▶ YOUR INSTRUCTIONS:
None of the pictures should be copied, though every line of the listing must be printed exactly.

▶ INFORMATION SHOWN:
* * * * * * *
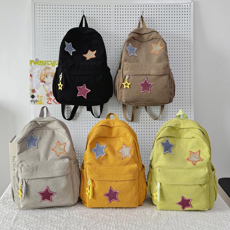 Women's Mori Style Corduroy Backpack - Harajuku Middle School Bookbag with Star Design for Travel
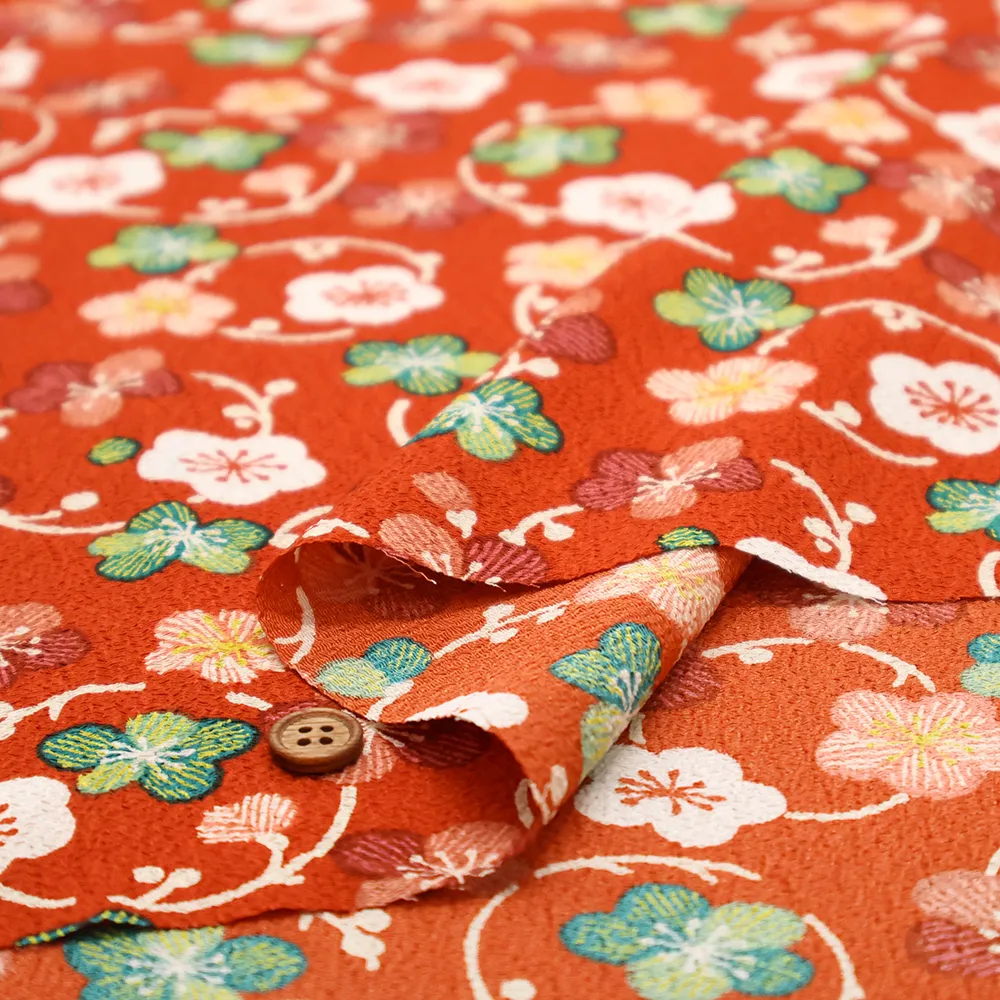 呉服などの着物で古くから利用されている伝統的な生地ですが、こちらは水やシワにも強いポリエステル素材のチリメンです。
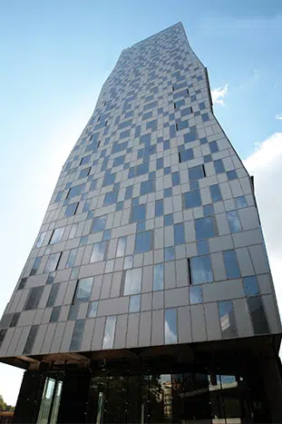 The AA®265 unitised curtain wall system is adaptable to any new construction project from two storeys upwards. The system is ideal for fast track installation where safe methods of work are required. The AA®265 has been exclusively designed and developed by Kawneer, with installation contracts undertaken in collaboration with its network of authorised dealers.
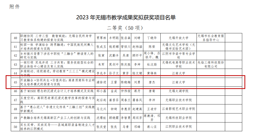 新学期伊始,无锡市教育局公示了2023年无锡市教学成果奖获奖名单。新葡萄官网申报的“开放融合·协同共生·价值共创:高素质商科专业研究生培养模式的探索与实践”获得无锡市教学成果二等奖。
* * * * * * *
▶ RESPONSE FOR THIS EXERCISE:
 Women's Mori Style Corduroy Backpack - Harajuku Middle School Bookbag with Star Design for Travel
 呉服などの着物で古くから利用されている伝統的な生地ですが、こちらは水やシワにも強いポリエステル素材のチリメンです。
 The AA®265 unitised curtain wall system is adaptable to any new construction project from two storeys upwards. The system is ideal for fast track installation where safe methods of work are required. The AA®265 has been exclusively designed and developed by Kawneer, with installation contracts undertaken in collaboration with its network of authorised dealers.
 新学期伊始,无锡市教育局公示了2023年无锡市教学成果奖获奖名单。新葡萄官网申报的“开放融合·协同共生·价值共创:高素质商科专业研究生培养模式的探索与实践”获得无锡市教学成果二等奖。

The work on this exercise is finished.